Evaluate Multi-Layer Perceptron on MNIST

  • Use Keras mlp.evaluate(test_inputs, test_outputs)
In [13]:
# Evaluate MLP classifier
test_loss, test_acc = mlp.evaluate(test_images_mlp, test_labels_cat)
print('MLP Test accuracy:', test_acc, '- MLP Test loss:', test_loss)
10000/10000 [==============================] - 0s 19us/step
MLP Test accuracy: 0.98 - MLP Test loss: 0.07149975089433429

Convolutional Neural Networks (CNNs)

  • LeCun, 1989.

ZIPCODE digit recognizer

CNN Elements: Filters, Layers, Strides and Padding

Figure

Convolutional Neural Network MNIST Classifier (CNN)

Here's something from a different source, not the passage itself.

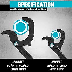 Reliable Quality: High quality steel adopts drop forged process. Heat treated for high hardness. Black sprayed surface ensures effective rust-resistant performance, allowing for frequent use Self Locking Function: Self-adjusting head design enables one-handed operation and easy use. This multi-functional pipe wrench set offers sufficient flexibility for a wide range of repair work. Even novice users can easily operate it Anti-slip Tooth: The 3-sided teeth design ensures a tight bite that securely locks onto nuts, pipes, and round tubes of different sizes, can greatly enhances fastening and unscrewing job efficiency Comfortable Handle with Crowbar Design: Rubberized handle provides sufficient torque and anti-slip grips, while the crowbar design in the tail allows for easy handling of prying jobs, solving various problems Wide Application: With the jaw capacity from 14 mm to 30 mm for the smaller wrench and 30 mm to 60 mm for the larger one. It is an indispensable professional partner in your toolbox
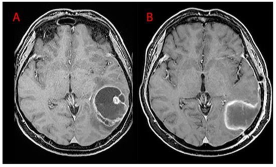 MRI T1WI axial sections. (A) Preoperative left parieto-occipital GBM and (B) postoperative images (EOR = 90%–100%, STR).

  • CNN (~98% with one hidden layer) - skip
  • CNN (~99.2% with three hidden layers, total trainable params: 130,890)
  • CNN Test accuracy: 0.9919

Contrast CNN trainable parameters and accuracy (~99.2%, trainable params: 130,890) to single-layer MLP (~98% with one hidden layer, 256 nodes; total trainable params: 203,530).

In [14]:
# Keras CNN MNIST classifier - Three-Layer Convolutional Neural Network
# CNN input (28, 28, 1) images - CNN output (3, 3, 64) tensor
cnn = models.Sequential()
cnn.add(layers.Conv2D(32, (3, 3), activation='relu', input_shape=(28, 28, 1)))
cnn.add(layers.MaxPooling2D((2, 2)))
cnn.add(layers.Conv2D(64, (3, 3), activation='relu'))
cnn.add(layers.MaxPooling2D((2, 2)))
cnn.add(layers.Conv2D(64, (3, 3), activation='relu'))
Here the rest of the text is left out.